Reputation: 362
How can I remove an Element from a Webpage, which has No ID or Class.
This is the website :
https://www.sentinelassam.com/north-east-india-news/assam-news/40-new-colleges-to-be-set-up-in-btc-assam-minister-himanta-biswa-sarma-516420
And the element to remove has a structure like this :
<p><b>Also Read <a href="https://www.sentinelassam.com/national-news/iisfs-vigyan-yatra-flagged-off-from-various-indian-cities-516407">IISF's 'Vigyan Yatra' flagged off from various Indian cities</a></b></p>
The Also Read
text is common across the Multiple Occurences on the Webpage. If I can remove one element, then a loop will Remove all of this (I think).

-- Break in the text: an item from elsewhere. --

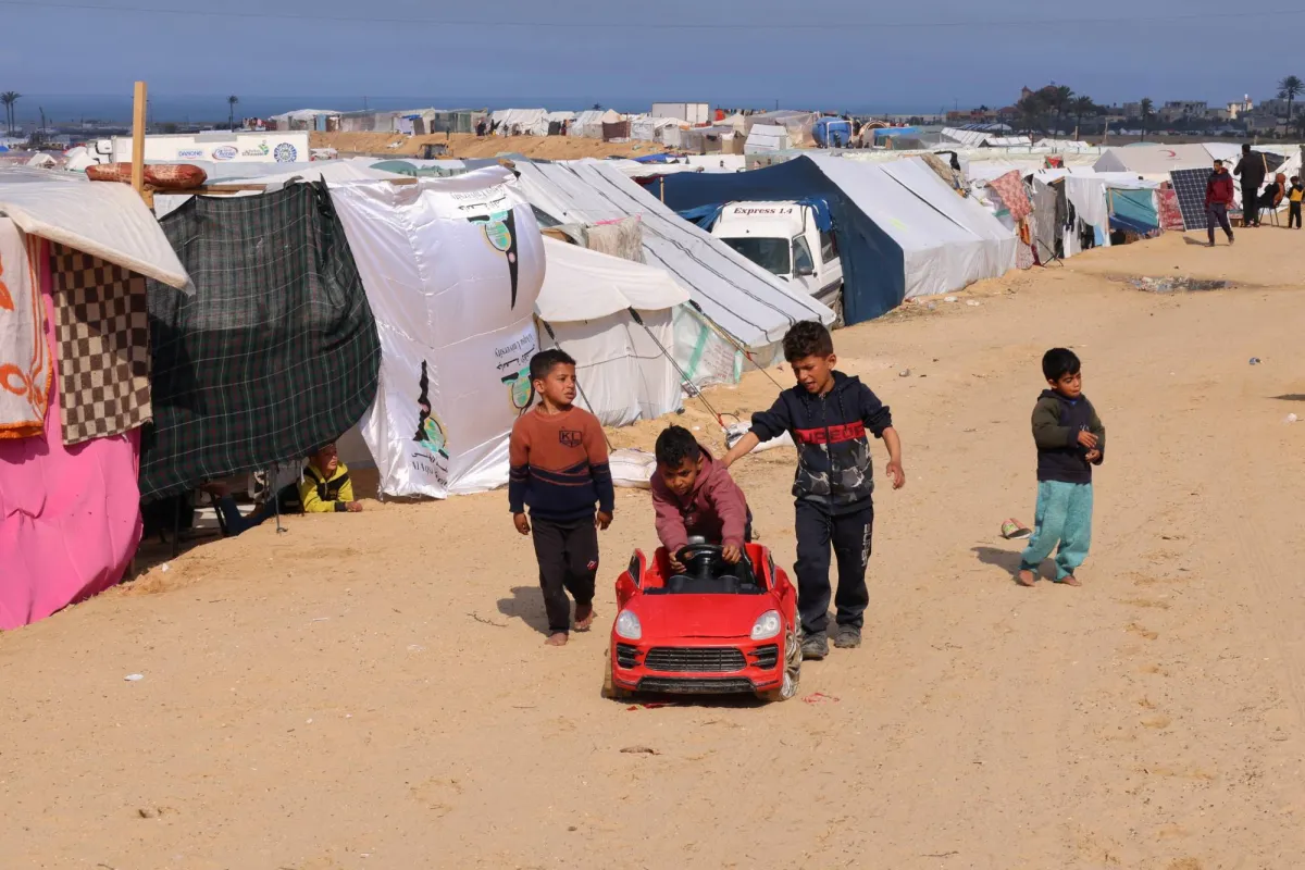 أطفال نازحون يلعبون في مدينة رفح على الحدود بين غزة ومصر (رويترز)

Can this whole element can be removed using the Also Read
text? I tried to use decompose()
but where do I apply this decompose()
method ?
Upvotes: 0
Views: 278
Reputation: 331
Try this.
from simplified_scrapy import utils, SimplifiedDoc
xml = '''
<p><b>Also Read <a href="https://www.sentinelassam.com/national-news/iisfs-vigyan-yatra-flagged-off-from-various-indian-cities-516407">IISF's 'Vigyan Yatra' flagged off from various Indian cities</a></b></p>
'''
doc = SimplifiedDoc(xml)
# If you want to remove tag b
b = doc.getElementByText('Also Read', tag='b')
b.remove()
print (doc.html)
doc = SimplifiedDoc(xml)
# If you want to remove tag p
p = doc.getElementByText('Also Read', tag='p')
p.remove()
print (doc.html)
Upvotes: 1
Reputation: 2865
Use the Developper tools of Chrome or any other browser. Find the element that you want to remove and then by right clicking on this element choose Copy > Copy selector
. This will give you a selector like this :
#details-page-infinite-scrolling-data > div.article > div.article-text-desc > div > div > p:nth-child(22) > b > a
This selector can probably be simplified. Now you can use BeautifulSoup to remove it:
selector = "#details-page-infinite-scrolling-data > div.article > div.article-text-desc > div > div > p:nth-child(22) > b > a"
soup.select_one(selector).decompose()
I didn't tested it.
Upvotes: 1